A Renascence

Millie having fun with the apples

A lifetime ago, November 30, 2016, it was a bit gloomy in Maine. A few berries still sparkled, Millie was a pup having fun with the apples, and a bunch of snow geese were flocking around a little inlet. Millie is older, and other than the pine tree by the water that has grown taller and taller, not much has changed.

I watched a movie the other night about an old man and his daughter, and someone in it quoted this little poem by Edna St. Vincent Millay, which came back to mind as I saw the geese, Millie, and the dormition of the landscape, which lacked a lovely light:

My candle burns at both ends;

It will not last the night;

But ah, my foes, and oh, my friends

—It gives a lovely light!

I realized I had never studied Millay’s poems, and curiosity made me search.

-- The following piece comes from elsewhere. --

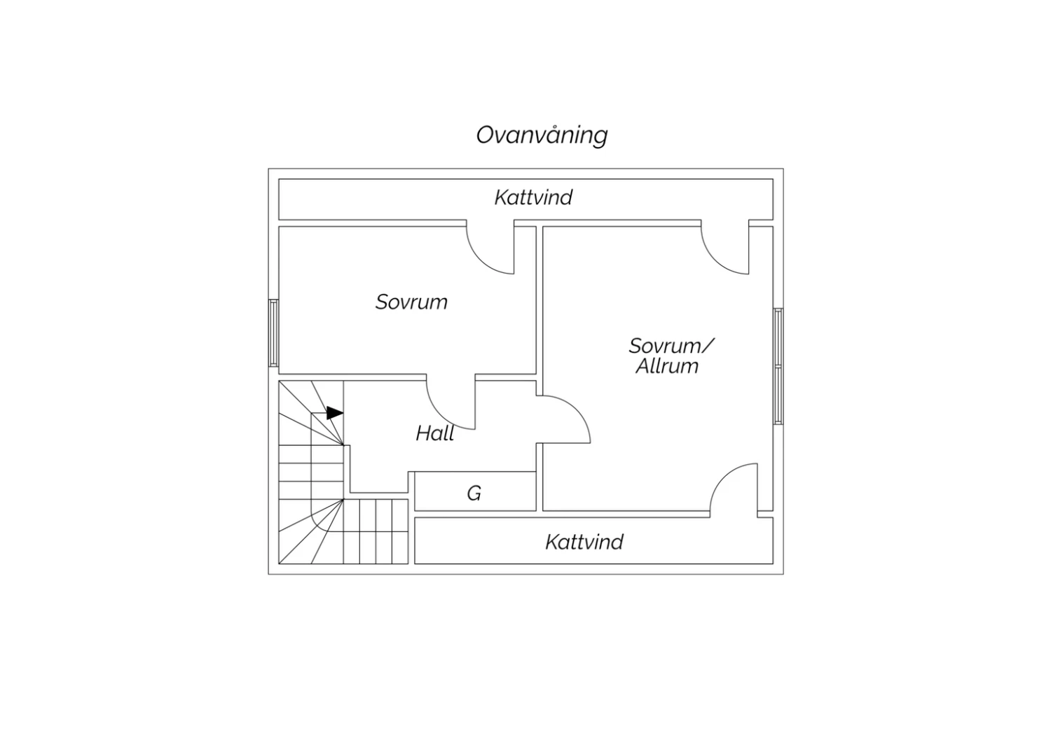 Via en vacker trappa i trä nås ovanplan med en generös hall med förvaring samt två sovrum. Det ena rummet är ett mycket generöst till sin yta och kan enkelt bli fler rum om behovet skulle finnas. Bra med förvaring i kattvindarna på ömse sida.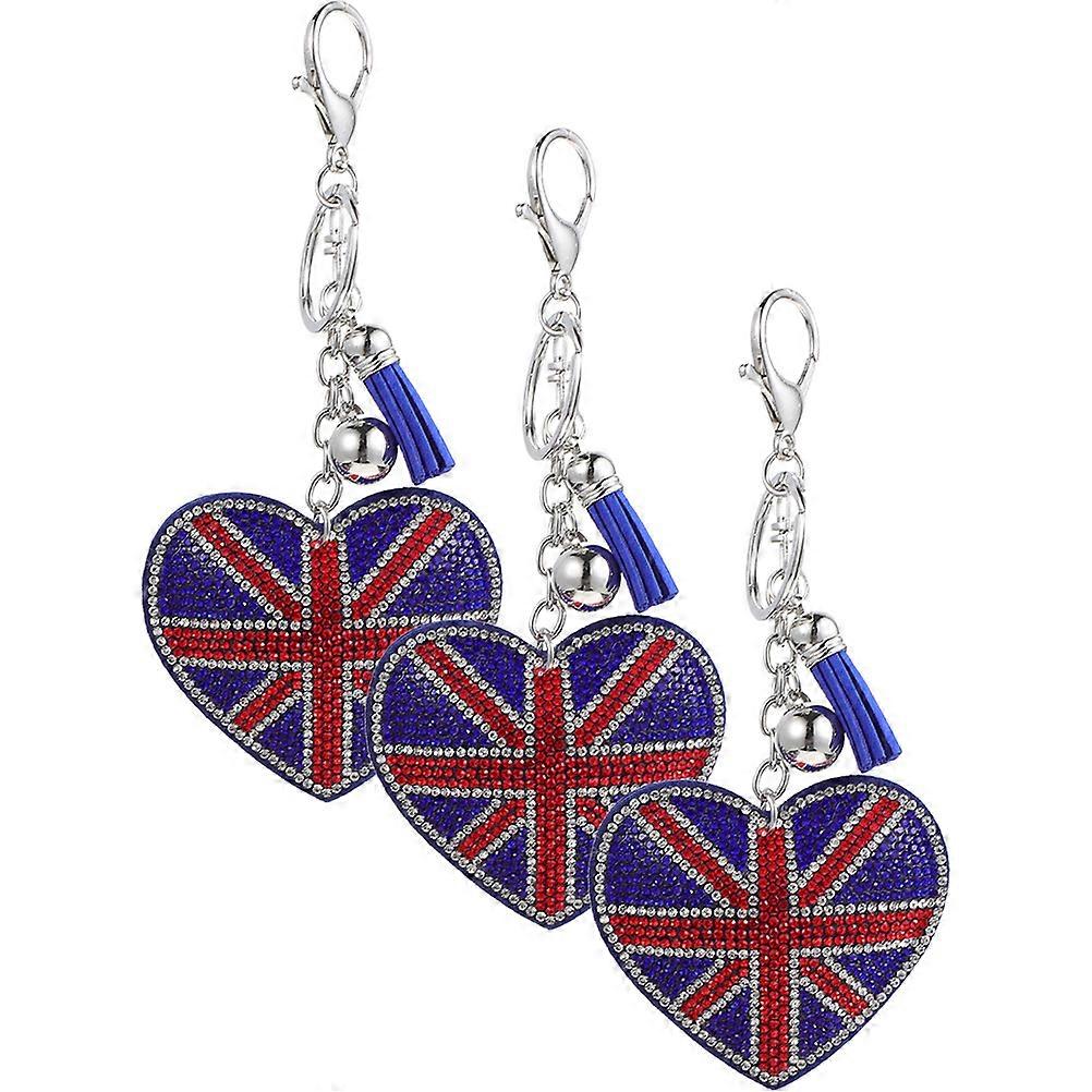 Heart-Shaped Pendant Keychains National Flag Keyring Decorative Keychain For Any Occasion Rhinestone 3Pcs

I came across one in particular that struck me as providential, and made me think of the magnificence of the rebirth of Notre-Dame de Paris by mere mortals.

Because while it had burnt like a candle, at both ends, I thought how sad it was to see it turn to rubble, or a lonely grave. But just a few years later we are witnessing its majestic “renascence”, a fitting word that the poet reflected on.

All my musings in an hour, all because of a few melancholy and unartistic photos. Go figure. And all because of a little poem!